Copy all records exactly; omit pictures.

[Items listed in a dataset]
_ _ _
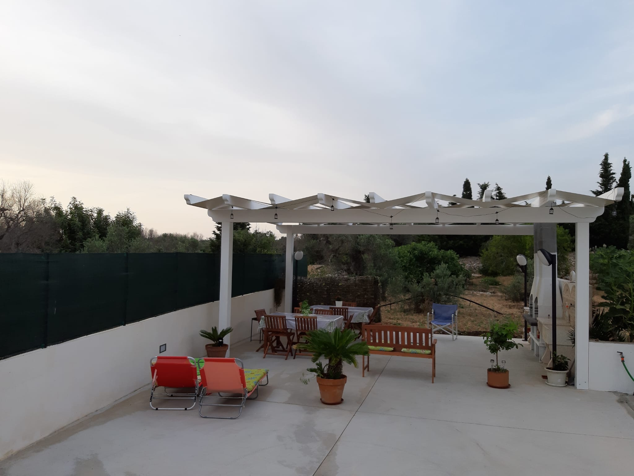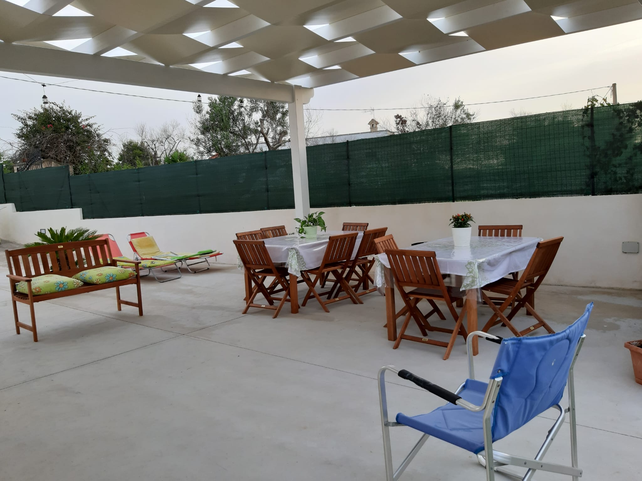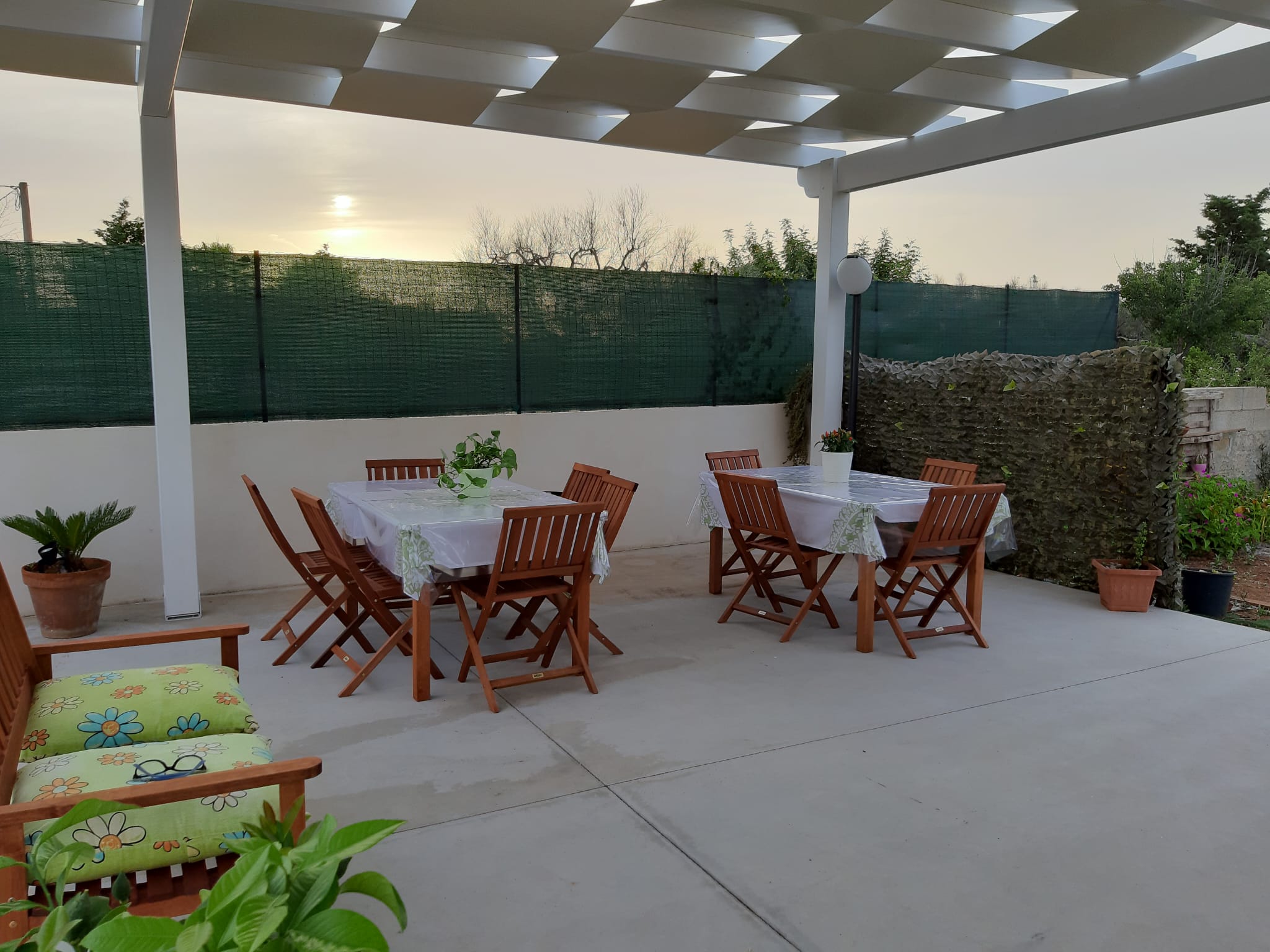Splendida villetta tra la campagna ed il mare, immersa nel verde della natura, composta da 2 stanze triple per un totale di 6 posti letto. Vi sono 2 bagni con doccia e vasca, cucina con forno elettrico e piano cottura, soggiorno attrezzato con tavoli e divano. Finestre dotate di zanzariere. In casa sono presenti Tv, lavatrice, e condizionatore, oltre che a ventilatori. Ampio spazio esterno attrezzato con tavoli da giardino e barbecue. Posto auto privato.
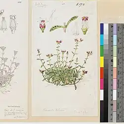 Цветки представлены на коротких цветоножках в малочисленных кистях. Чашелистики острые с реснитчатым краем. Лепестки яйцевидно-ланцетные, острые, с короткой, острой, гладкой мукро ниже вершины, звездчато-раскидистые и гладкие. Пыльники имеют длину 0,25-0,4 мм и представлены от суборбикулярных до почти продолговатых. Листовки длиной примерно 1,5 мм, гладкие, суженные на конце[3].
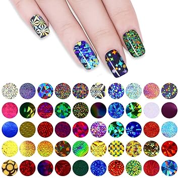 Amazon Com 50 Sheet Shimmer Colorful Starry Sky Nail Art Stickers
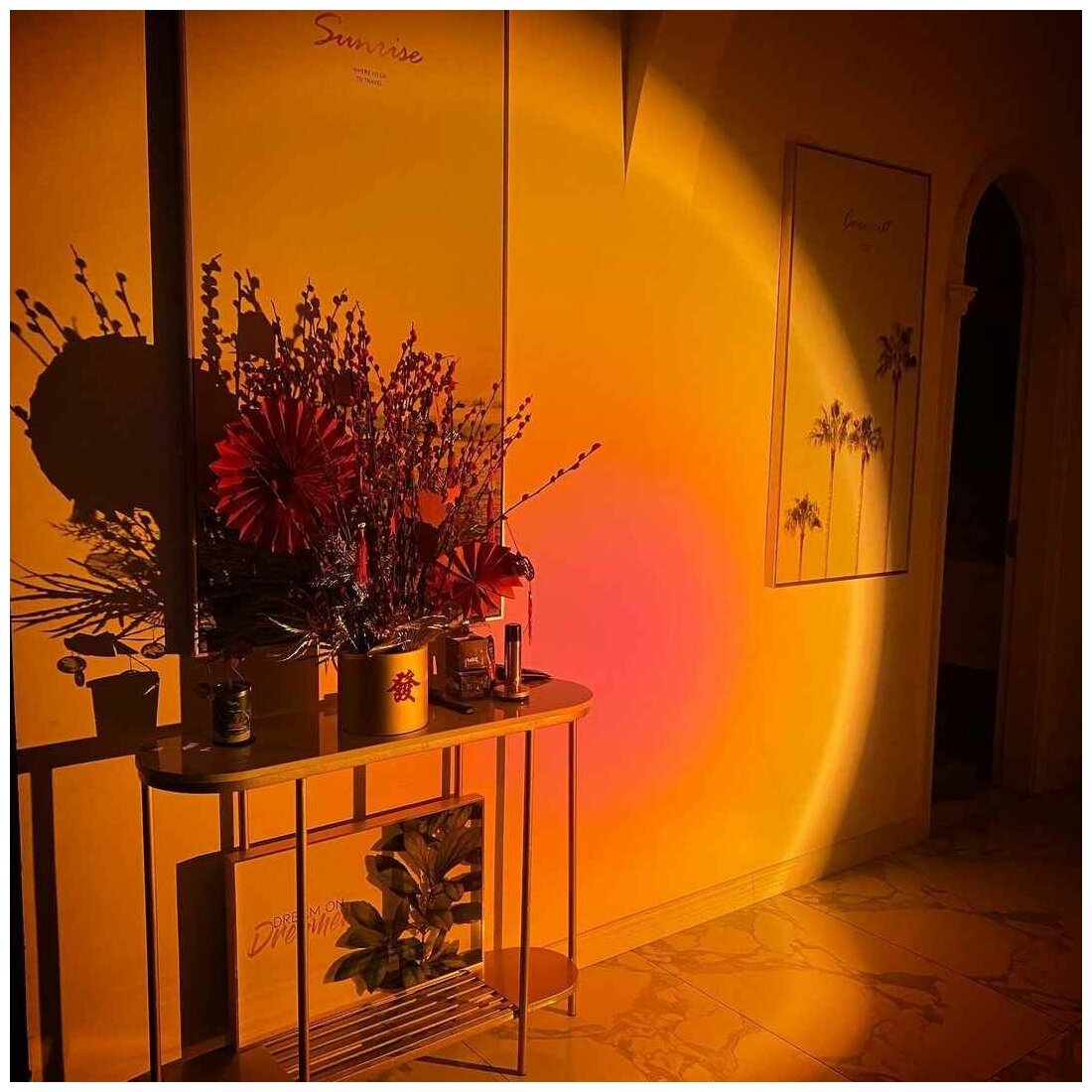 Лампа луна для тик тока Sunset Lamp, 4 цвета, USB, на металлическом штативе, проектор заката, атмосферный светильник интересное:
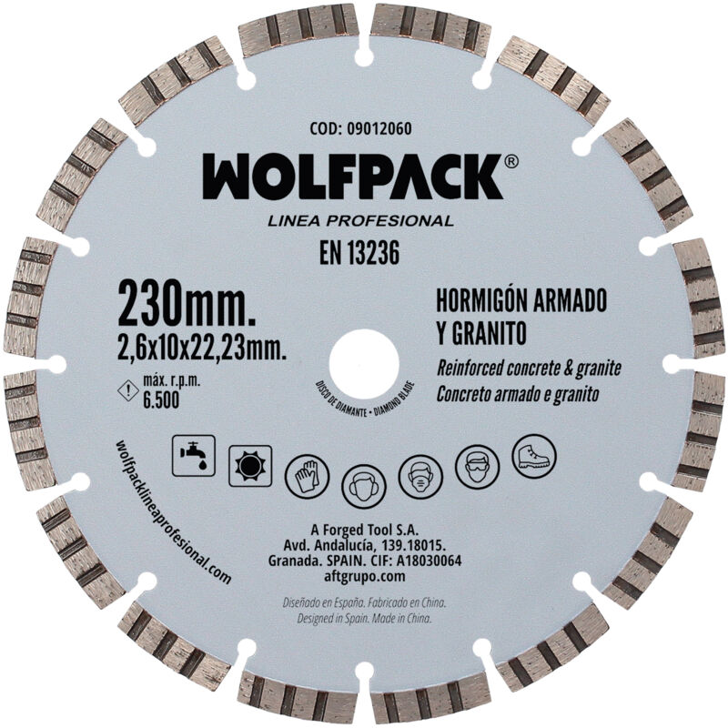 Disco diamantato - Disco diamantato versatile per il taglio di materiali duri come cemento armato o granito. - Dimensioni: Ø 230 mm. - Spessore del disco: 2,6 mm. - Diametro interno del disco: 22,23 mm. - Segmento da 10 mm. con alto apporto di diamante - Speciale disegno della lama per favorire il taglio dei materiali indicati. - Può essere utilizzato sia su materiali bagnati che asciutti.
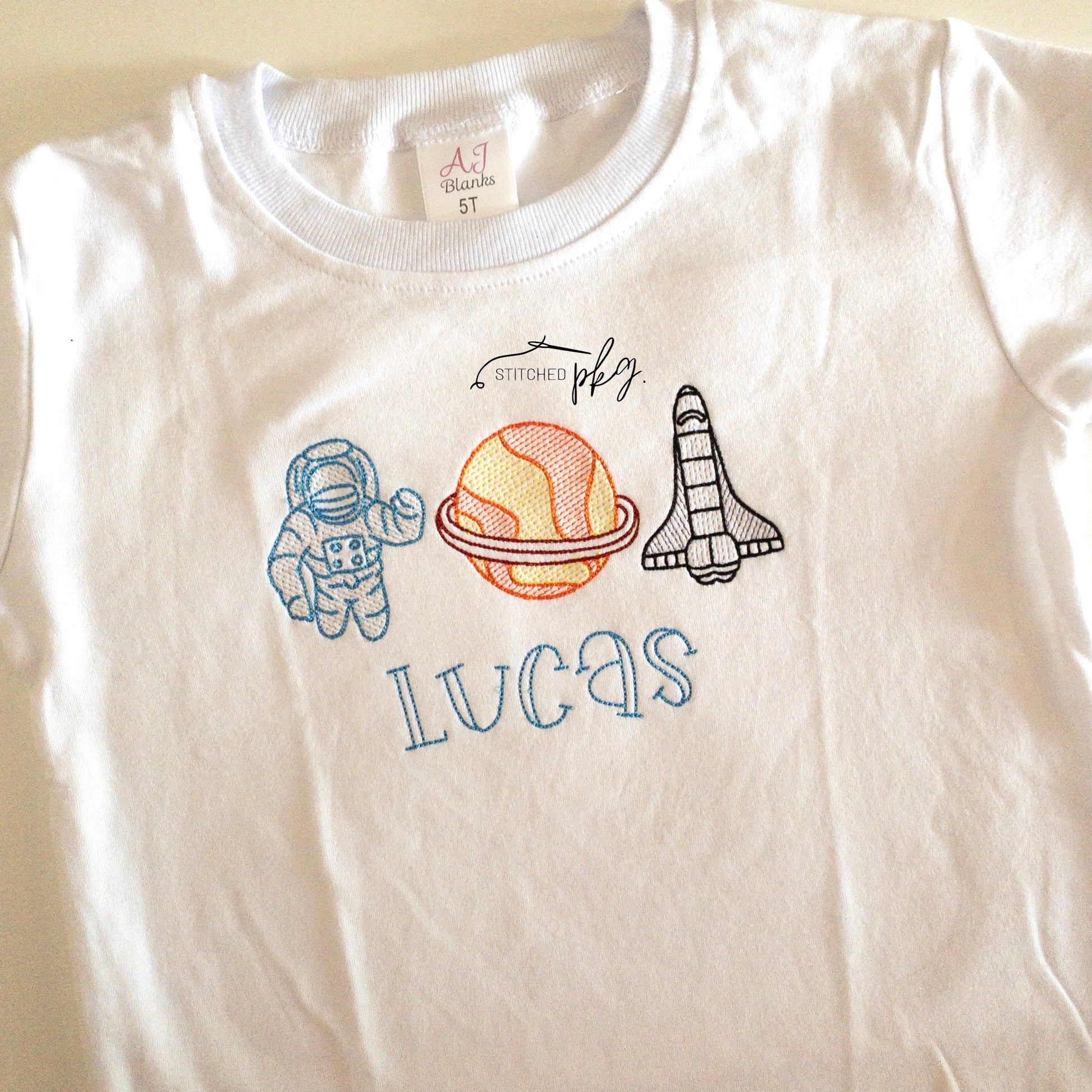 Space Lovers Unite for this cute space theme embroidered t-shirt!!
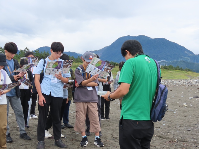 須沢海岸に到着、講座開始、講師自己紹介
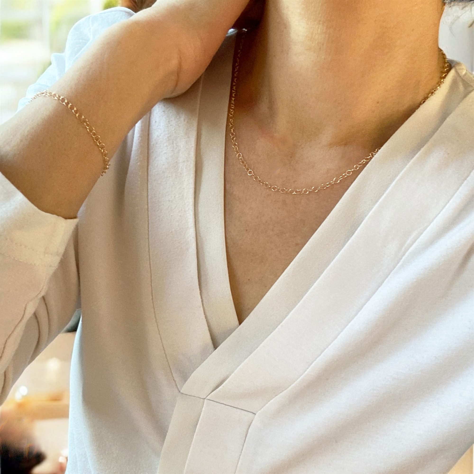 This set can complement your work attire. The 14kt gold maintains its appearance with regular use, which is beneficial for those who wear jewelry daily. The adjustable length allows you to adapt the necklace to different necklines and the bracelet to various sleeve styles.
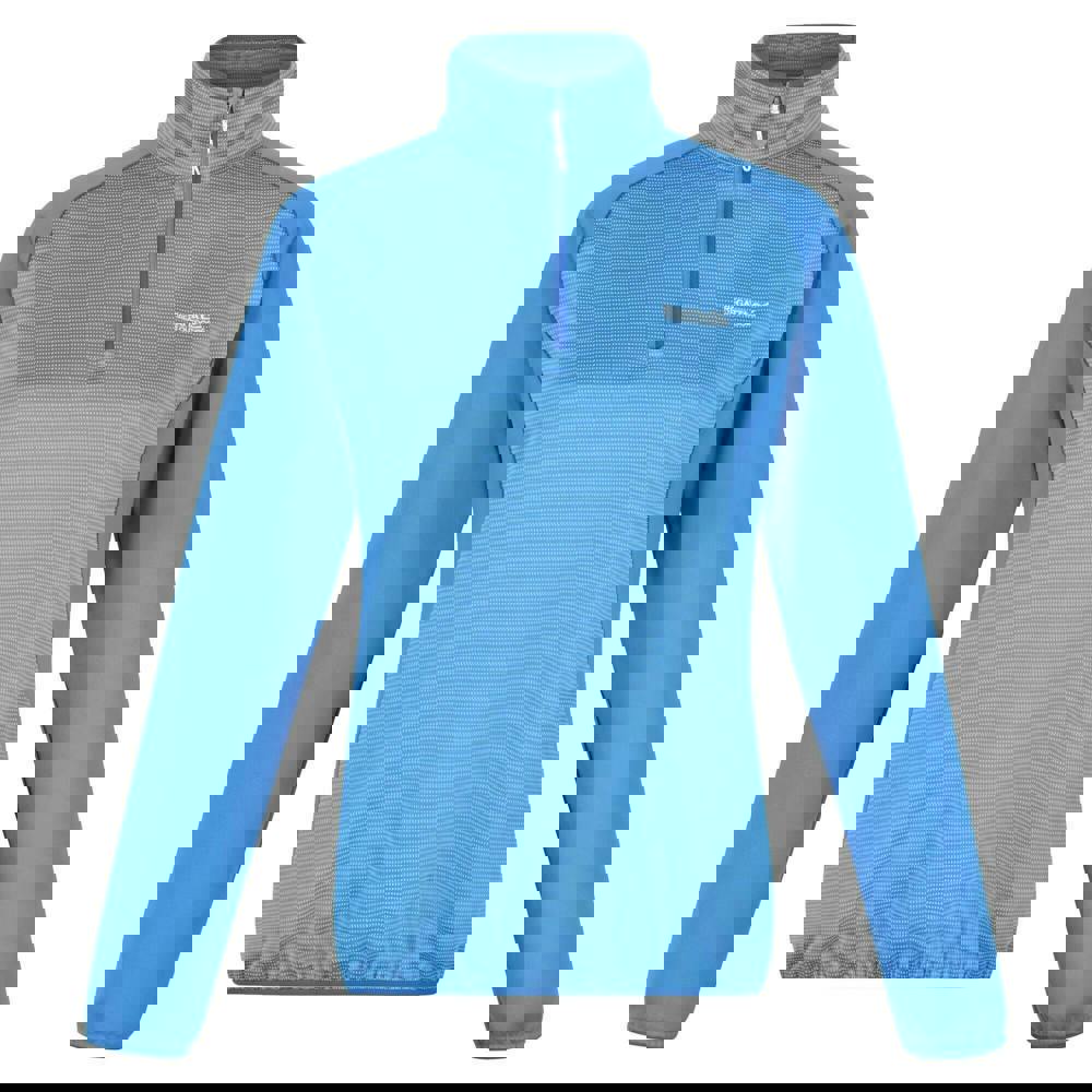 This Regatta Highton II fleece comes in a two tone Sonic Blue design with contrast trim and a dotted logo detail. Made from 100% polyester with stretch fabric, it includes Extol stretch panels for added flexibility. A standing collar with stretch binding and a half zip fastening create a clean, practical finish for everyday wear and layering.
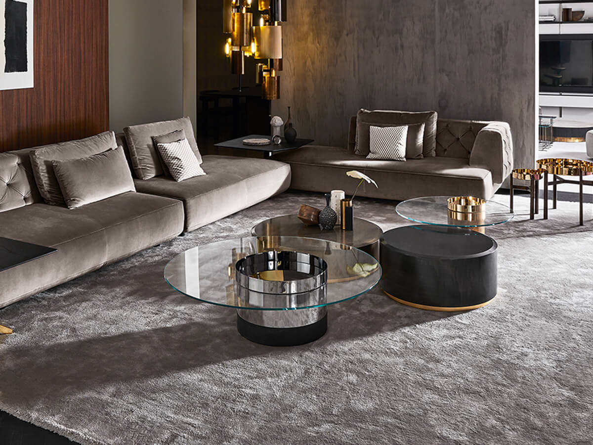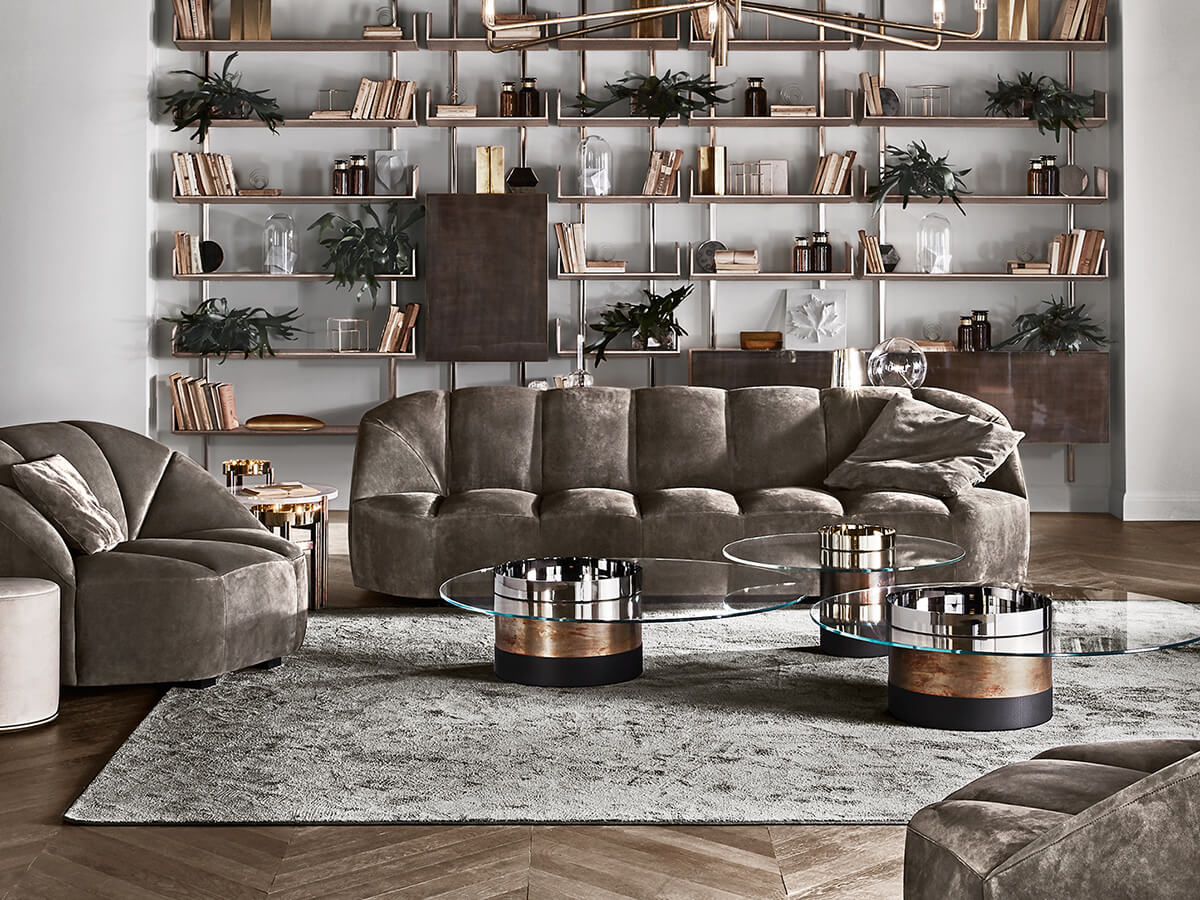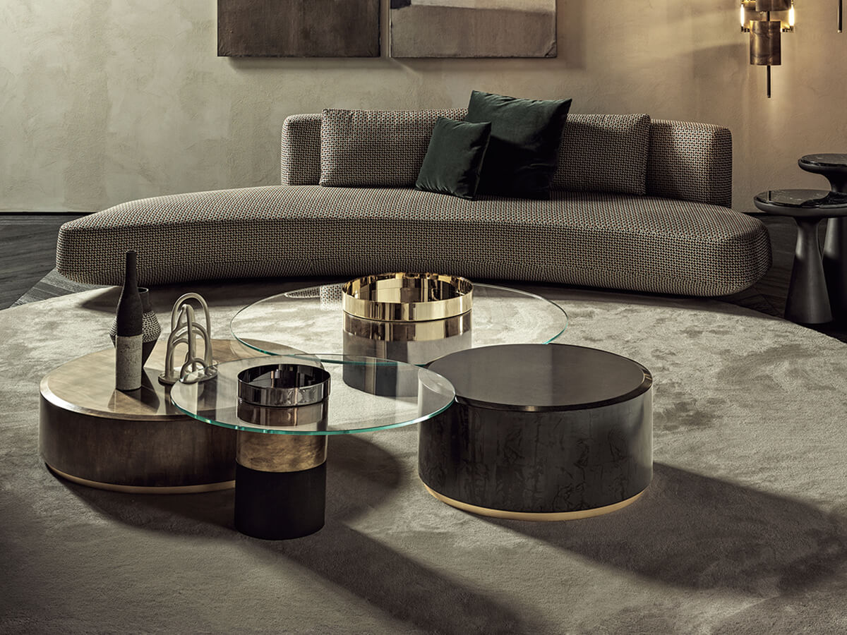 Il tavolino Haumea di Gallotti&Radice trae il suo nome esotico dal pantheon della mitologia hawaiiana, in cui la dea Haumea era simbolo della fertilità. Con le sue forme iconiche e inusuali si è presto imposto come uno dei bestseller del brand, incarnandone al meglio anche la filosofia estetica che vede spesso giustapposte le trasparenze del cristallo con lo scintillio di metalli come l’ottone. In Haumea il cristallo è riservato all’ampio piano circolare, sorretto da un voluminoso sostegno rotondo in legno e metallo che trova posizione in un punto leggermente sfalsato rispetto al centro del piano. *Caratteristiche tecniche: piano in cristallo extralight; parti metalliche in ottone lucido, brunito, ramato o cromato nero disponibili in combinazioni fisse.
_ _ _
TASK RESULT:
Splendida villetta tra la campagna ed il mare, immersa nel verde della natura, composta da 2 stanze triple per un totale di 6 posti letto. Vi sono 2 bagni con doccia e vasca, cucina con forno elettrico e piano cottura, soggiorno attrezzato con tavoli e divano. Finestre dotate di zanzariere. In casa sono presenti Tv, lavatrice, e condizionatore, oltre che a ventilatori. Ampio spazio esterno attrezzato con tavoli da giardino e barbecue. Posto auto privato.
 Цветки представлены на коротких цветоножках в малочисленных кистях. Чашелистики острые с реснитчатым краем. Лепестки яйцевидно-ланцетные, острые, с короткой, острой, гладкой мукро ниже вершины, звездчато-раскидистые и гладкие. Пыльники имеют длину 0,25-0,4 мм и представлены от суборбикулярных до почти продолговатых. Листовки длиной примерно 1,5 мм, гладкие, суженные на конце[3].
 Amazon Com 50 Sheet Shimmer Colorful Starry Sky Nail Art Stickers
 Лампа луна для тик тока Sunset Lamp, 4 цвета, USB, на металлическом штативе, проектор заката, атмосферный светильник интересное:
 Disco diamantato - Disco diamantato versatile per il taglio di materiali duri come cemento armato o granito. - Dimensioni: Ø 230 mm. - Spessore del disco: 2,6 mm. - Diametro interno del disco: 22,23 mm. - Segmento da 10 mm. con alto apporto di diamante - Speciale disegno della lama per favorire il taglio dei materiali indicati. - Può essere utilizzato sia su materiali bagnati che asciutti.
 Space Lovers Unite for this cute space theme embroidered t-shirt!!
 須沢海岸に到着、講座開始、講師自己紹介
 This set can complement your work attire. The 14kt gold maintains its appearance with regular use, which is beneficial for those who wear jewelry daily. The adjustable length allows you to adapt the necklace to different necklines and the bracelet to various sleeve styles.
 This Regatta Highton II fleece comes in a two tone Sonic Blue design with contrast trim and a dotted logo detail. Made from 100% polyester with stretch fabric, it includes Extol stretch panels for added flexibility. A standing collar with stretch binding and a half zip fastening create a clean, practical finish for everyday wear and layering.
 Il tavolino Haumea di Gallotti&Radice trae il suo nome esotico dal pantheon della mitologia hawaiiana, in cui la dea Haumea era simbolo della fertilità. Con le sue forme iconiche e inusuali si è presto imposto come uno dei bestseller del brand, incarnandone al meglio anche la filosofia estetica che vede spesso giustapposte le trasparenze del cristallo con lo scintillio di metalli come l’ottone. In Haumea il cristallo è riservato all’ampio piano circolare, sorretto da un voluminoso sostegno rotondo in legno e metallo che trova posizione in un punto leggermente sfalsato rispetto al centro del piano. *Caratteristiche tecniche: piano in cristallo extralight; parti metalliche in ottone lucido, brunito, ramato o cromato nero disponibili in combinazioni fisse.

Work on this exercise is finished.